Stored data:
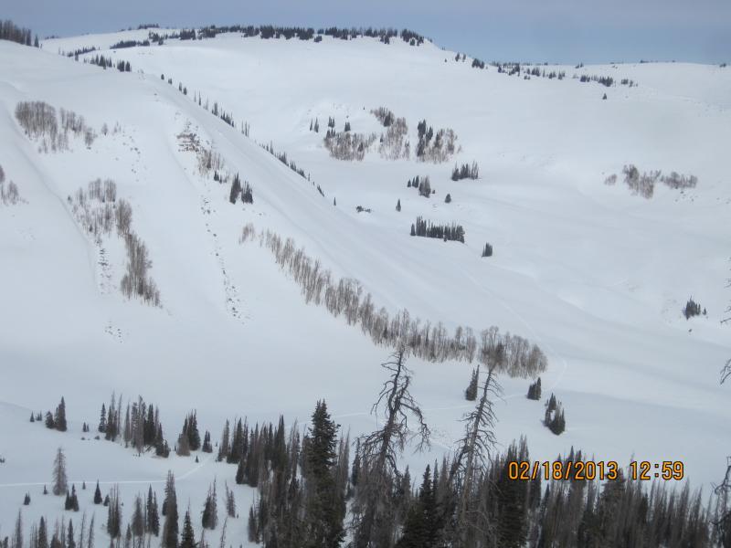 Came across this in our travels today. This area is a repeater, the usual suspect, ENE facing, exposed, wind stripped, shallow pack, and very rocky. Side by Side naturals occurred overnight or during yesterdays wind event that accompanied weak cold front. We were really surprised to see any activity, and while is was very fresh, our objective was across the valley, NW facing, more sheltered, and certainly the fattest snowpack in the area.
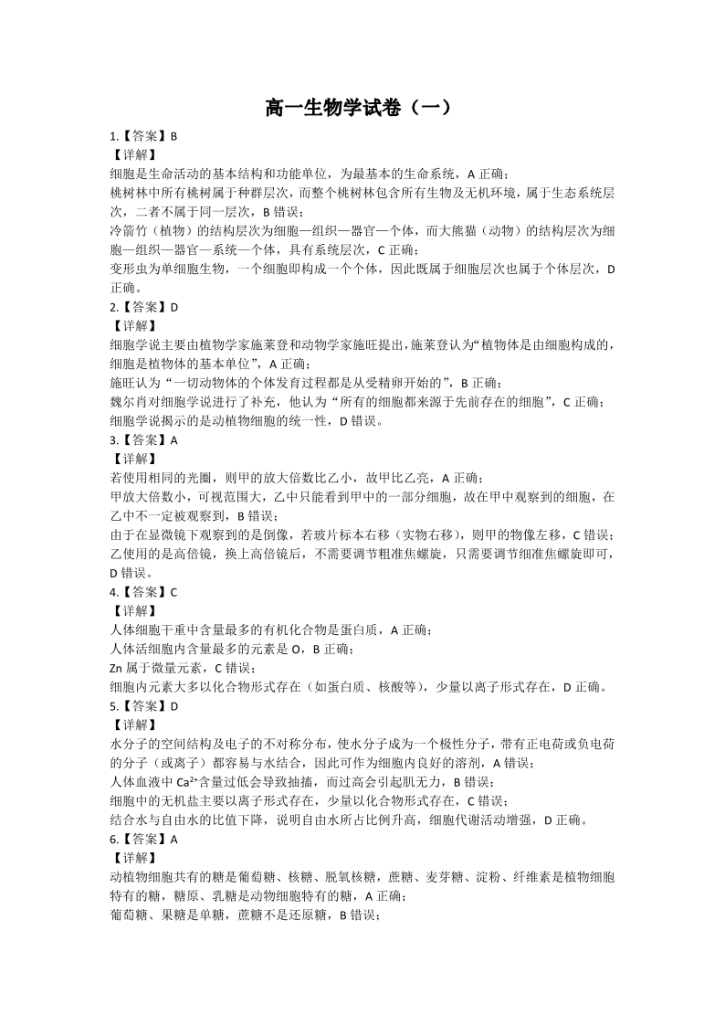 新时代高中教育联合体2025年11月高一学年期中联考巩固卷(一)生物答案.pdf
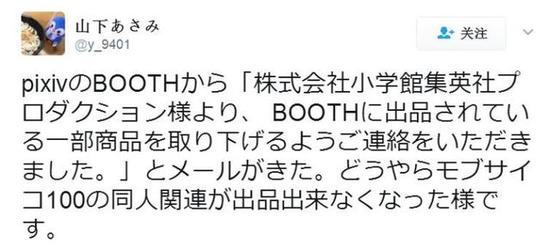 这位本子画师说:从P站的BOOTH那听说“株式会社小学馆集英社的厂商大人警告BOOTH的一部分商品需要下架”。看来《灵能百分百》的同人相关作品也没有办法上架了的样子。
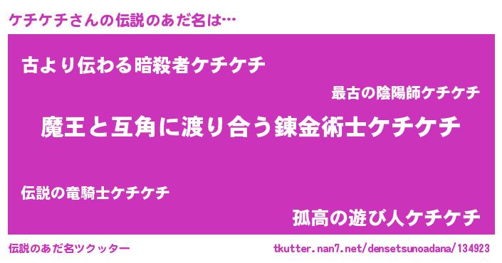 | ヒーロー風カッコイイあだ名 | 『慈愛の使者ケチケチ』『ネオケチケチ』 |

Task instructions:
Leave out the pictures and copy the rest of the material above exactly.

Solution for this task:
 Came across this in our travels today. This area is a repeater, the usual suspect, ENE facing, exposed, wind stripped, shallow pack, and very rocky. Side by Side naturals occurred overnight or during yesterdays wind event that accompanied weak cold front. We were really surprised to see any activity, and while is was very fresh, our objective was across the valley, NW facing, more sheltered, and certainly the fattest snowpack in the area.
 新时代高中教育联合体2025年11月高一学年期中联考巩固卷(一)生物答案.pdf
 这位本子画师说:从P站的BOOTH那听说“株式会社小学馆集英社的厂商大人警告BOOTH的一部分商品需要下架”。看来《灵能百分百》的同人相关作品也没有办法上架了的样子。
 | ヒーロー風カッコイイあだ名 | 『慈愛の使者ケチケチ』『ネオケチケチ』 |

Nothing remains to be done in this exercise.